Differential logistic PCA for large-scale comparison of GSMMs and pathway analysis
Differential logistic PCA for large-scale comparison of GSMMs and pathway analysis
Zehetner, L.; Szeliova, D.; Kraus, B.; Hernandez Bort, J.; Zanghellini, J.
AbstractGenome-scale metabolic models (gsmms) provide a platform for metabolic analyses at the systems level by mathematically depicting biochemical reactions. Recent advances led to a large amount of gsmms for different species or tissue-specific reconstructions from global gsmms. Currently, the comparison of gsmms mostly depends on methods like dimension reduction algorithms, distance matrices, or predefined environmental conditions. However, these approaches are either hard to interpret or rely on subjective assumptions.
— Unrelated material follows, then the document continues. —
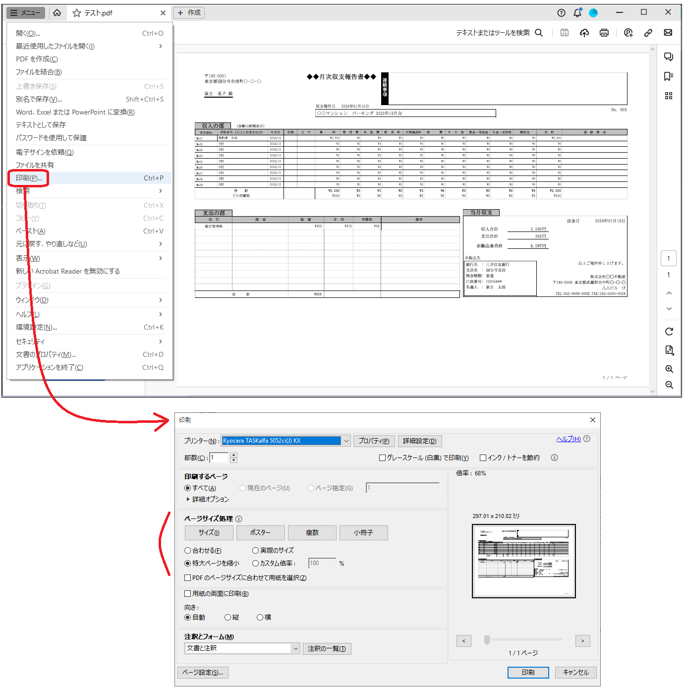 PDF側で印刷サイズ(拡大・縮小)を調整する機能を利用して、用紙を指定します。
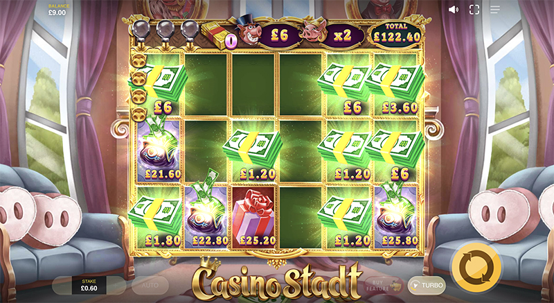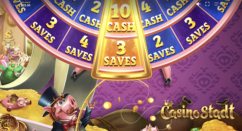 • สุภาพบุรุษหมู – มีมูลค่าอย่างน้อย ×5 ของเงินเดิมพัน เมื่อปรากฏจะเพิ่มมูลค่าให้กับสัญลักษณ์เงินและสัญลักษณ์ถุงเงินทั้งหมดที่อยู่บนหน้าจอ นอกจากนี้ยังเพิ่มมูลค่าให้กับสัญลักษณ์กระเป๋าสตางค์อีกด้วย หากสัญลักษณ์สุภาพบุรุษหมูปรากฏใหม่จะมีมูลค่าเพิ่มขึ้น 5×, 10×, 15×, 25×, 50× และ 100× ตามลำดับ

Here we introduce a novel use of logistic principal component analysis (lpca) to simplify the comparison of gsmms. Lpca is especially suited for binary data, derived from the presence or absence of reactions across gsmms. Its advantage is its ability to cluster gsmms while pinpointing the reactions that influence the categorization. When we applied lpca to three distinct datasets, it effectively highlighted phylogenetic relationships and distinctly separated the gsmms of healthy tissues from those of cancer tissues. Furthermore, the identified subsystems and their associated reactions that influenced the clustering align with existing knowledge.